Highlights & Insights¶
- Action Effect Modeling: Shifting mistake detection from "whether the action was correctly performed" to "whether the action outcome is correct" represents a highly insightful change of perspective.
- Distillation-based Design: GPT-4o and Grounding DINO provide supervision only during training; these models are not required at inference. The effect token serves as a knowledge distillation bridge.
- Decomposition of State vs. Relation: Decomposing action effects into object state changes and spatial relation changes is a transferable design principle for broader causal reasoning tasks.
Limitations & Future Work¶
- The effect frame assumption requires that outcomes are immediately observable after action completion, which may not hold for delayed effects (e.g., slow cooking).
- Generating scene graphs with GPT-4o incurs high cost; although not needed at inference, data preparation during training is time-consuming.
- Evaluation is limited to constrained scenarios such as kitchen operations; generalization to more complex domains (e.g., industrial assembly) remains unknown.
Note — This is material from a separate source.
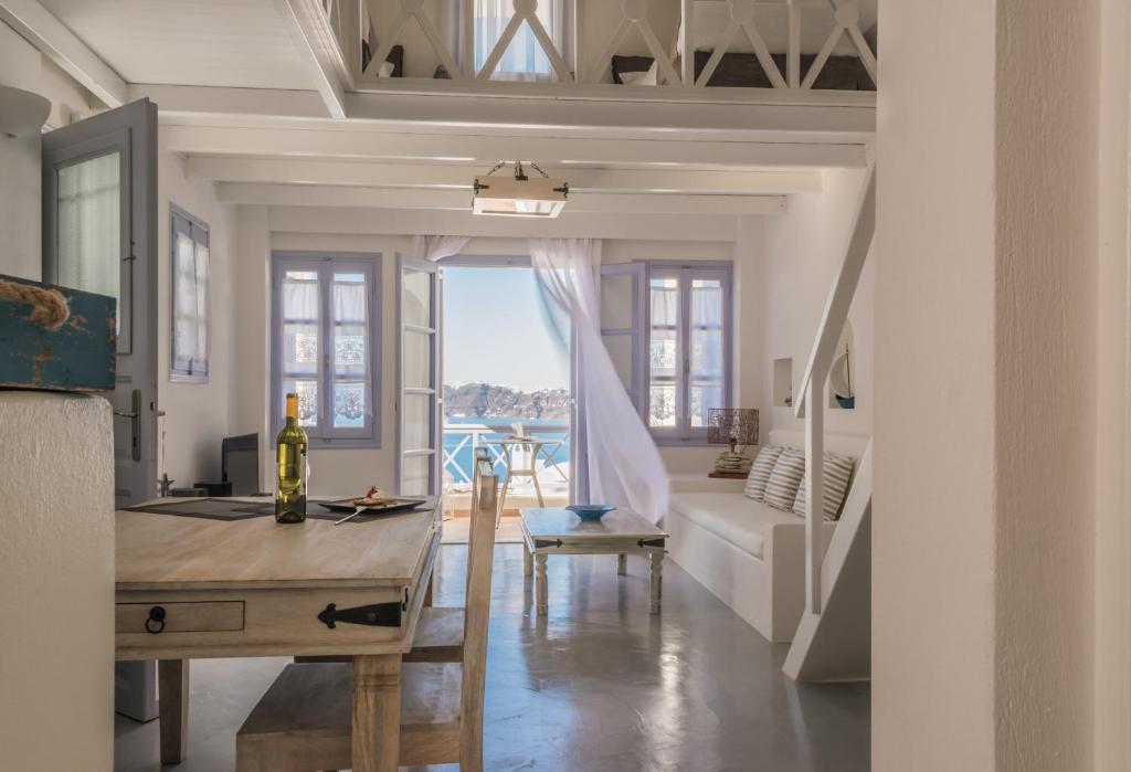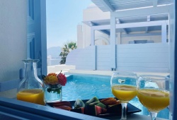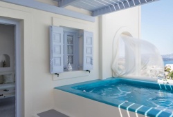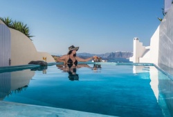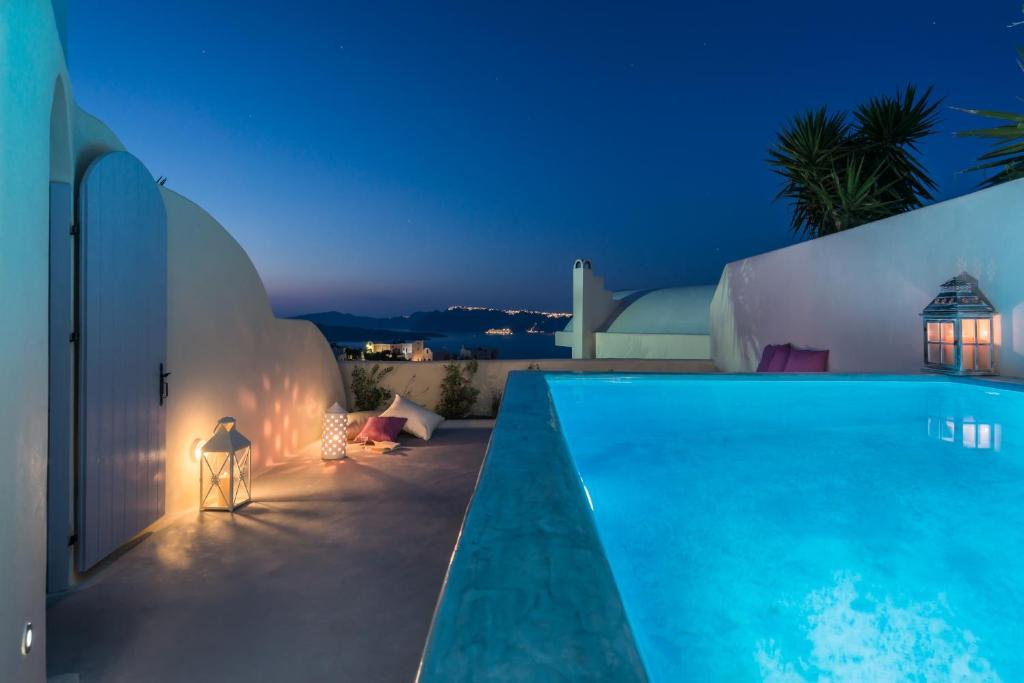 The Black Diamond Suites are located in Santorini on the slope of the historic Akrotiri. It is perfect for couples, honeymooners, and friends, as it can accommodate up to five people. You will appreciate the luxury and solitude for a relaxing stay. Every suite features a heated pool or hot jacuzzi, as well as a balcony for views. Also, they include built-in beds and couches and combine contemporary amenities with the local architecture. The vibrant bathroom has free amenities, a hair dryer, and slippers. The Black Diamond Suites is about 9 kilometers from Santorini Airport and 7 kilometers from Athinios Port. A twenty-five-minute drive will get you to the bustling Fira, which has a number of bars and stores.

- The quality of Grounding DINO object detection directly affects visual branch performance.
Related Work & Insights¶
- vs. AMNAR: The previous SOTA, which adopts an anomaly detection paradigm. The proposed method explicitly models action effects, offering greater interpretability.
- vs. EgoPED: An earlier method that does not model effects; the proposed method substantially outperforms it.
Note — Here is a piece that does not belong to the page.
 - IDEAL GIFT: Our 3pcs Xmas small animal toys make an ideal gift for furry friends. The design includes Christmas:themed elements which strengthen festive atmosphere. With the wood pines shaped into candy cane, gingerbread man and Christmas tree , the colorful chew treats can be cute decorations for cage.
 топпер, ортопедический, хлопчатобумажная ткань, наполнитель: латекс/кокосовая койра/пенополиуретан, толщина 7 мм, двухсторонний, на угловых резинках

- vs. ActionFormer: Serves as the backbone network; the proposed AEM module is built on top of it.
Rating¶
- Novelty: ⭐⭐⭐⭐⭐ The action effect modeling perspective is highly novel and convincing.
- Experimental Thoroughness: ⭐⭐⭐⭐ Two datasets with detailed ablations, though the scenarios are limited (kitchen only).
- Writing Quality: ⭐⭐⭐⭐ Mathematical derivations are clear and the probabilistic framework is elegant.
- Value: ⭐⭐⭐⭐ Provides a new methodology for procedural video understanding.